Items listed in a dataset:
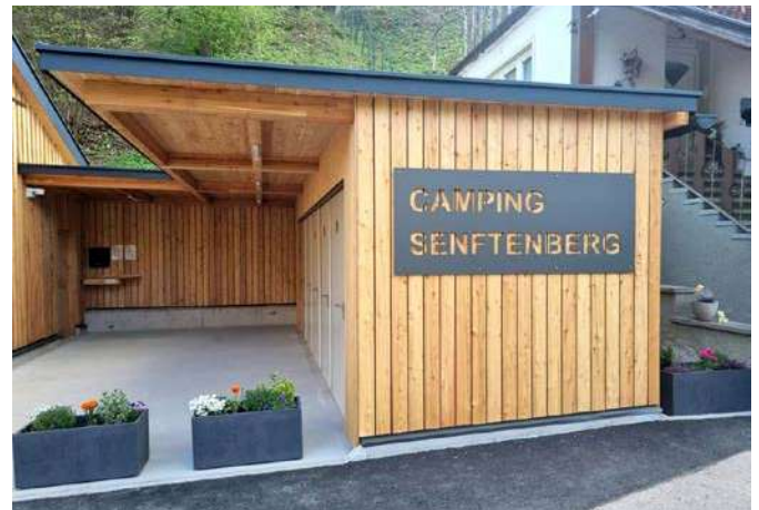
Sanitäreinrichtung Campingplatz 2026
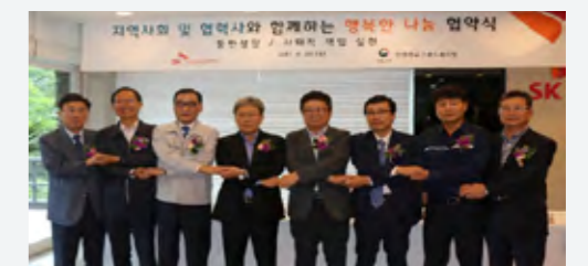
행복한 나눔 협약식

2017년 5월 첫 시행 시에는 전체의 95%에 해당하는 구성원들이 자발적으로 참여하여, 총 2억 원 규모의 기금을 16개 사 협력회사 직원에게 전달하였습니다.
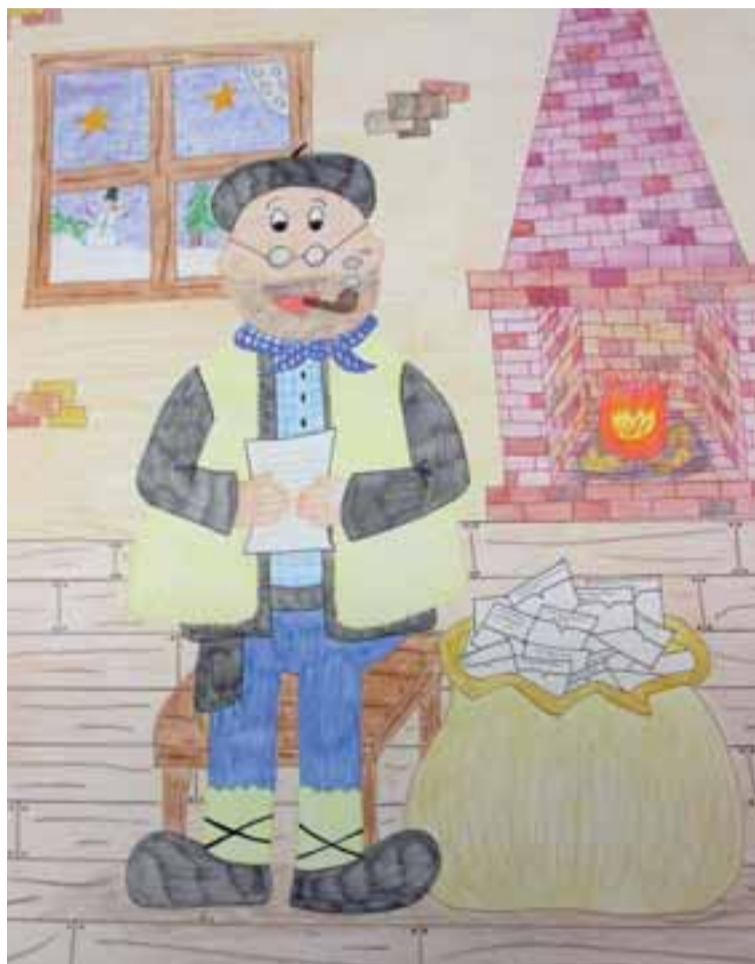
Cartel anunciador de Olentzero, obra de Lander Lareki Aramendia.

Los tres recibirán sus merecidos obsequios el día 24 en el Auditorio, tras la actuación de Popi y Zaratrako (12:30 h). También actuará Euskal Kantak y alumnos del Alaitz y del Bachillearto de Artes Escénicas del IES Alaitz. La mañana comenzará con un pasacalle con los dantzaris txikis de Harizti y concluirá con la esperada kalejira acompañando a
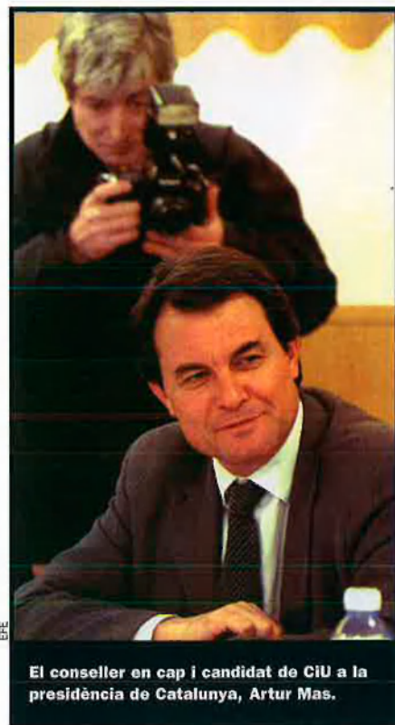
El conseller en cap i candidat de CiU a la presidència de Catalunya, Artur Mas.

La marxa d'Esteve de CDC no ha generat cap moviment de mimetisme, ni en l'anomenat sector dels "sobiranistes"
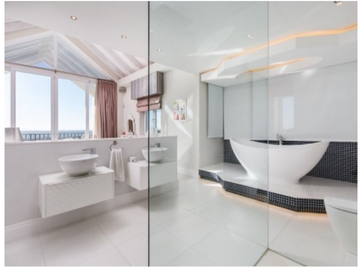
Eines von 6 Badezimmern
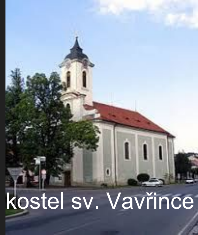
kostel sv. Vavřince
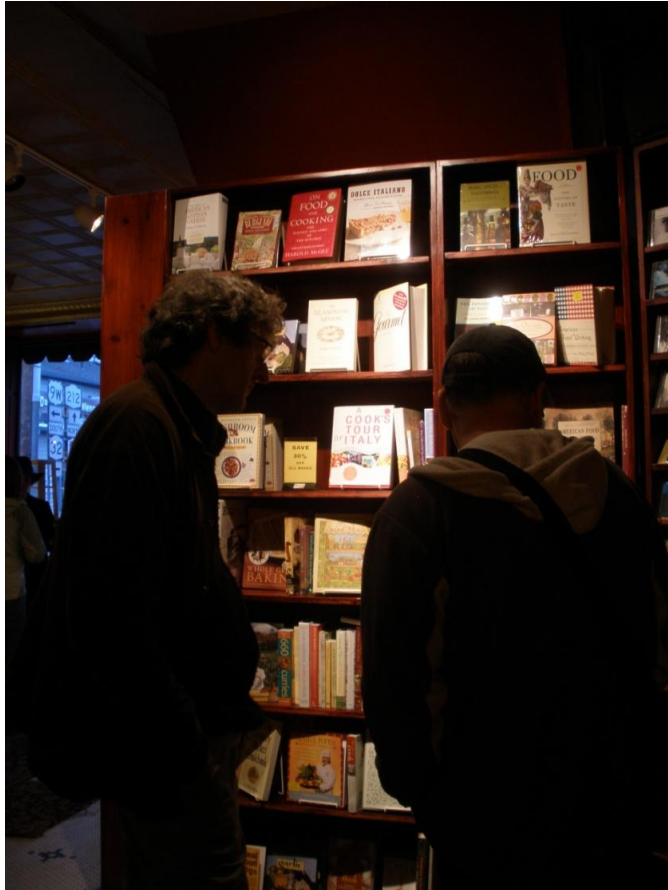
NUEVAS LETRAS INÉDITAS Y POEMAS MUSICADOS (2010-2013)

Task item: The answer must repeat every record exactly, with all pictures left out.

Solved exercise:
Sanitäreinrichtung Campingplatz 2026
행복한 나눔 협약식

2017년 5월 첫 시행 시에는 전체의 95%에 해당하는 구성원들이 자발적으로 참여하여, 총 2억 원 규모의 기금을 16개 사 협력회사 직원에게 전달하였습니다.
Cartel anunciador de Olentzero, obra de Lander Lareki Aramendia.

Los tres recibirán sus merecidos obsequios el día 24 en el Auditorio, tras la actuación de Popi y Zaratrako (12:30 h). También actuará Euskal Kantak y alumnos del Alaitz y del Bachillearto de Artes Escénicas del IES Alaitz. La mañana comenzará con un pasacalle con los dantzaris txikis de Harizti y concluirá con la esperada kalejira acompañando a
El conseller en cap i candidat de CiU a la presidència de Catalunya, Artur Mas.

La marxa d'Esteve de CDC no ha generat cap moviment de mimetisme, ni en l'anomenat sector dels "sobiranistes"
Eines von 6 Badezimmern
kostel sv. Vavřince
NUEVAS LETRAS INÉDITAS Y POEMAS MUSICADOS (2010-2013)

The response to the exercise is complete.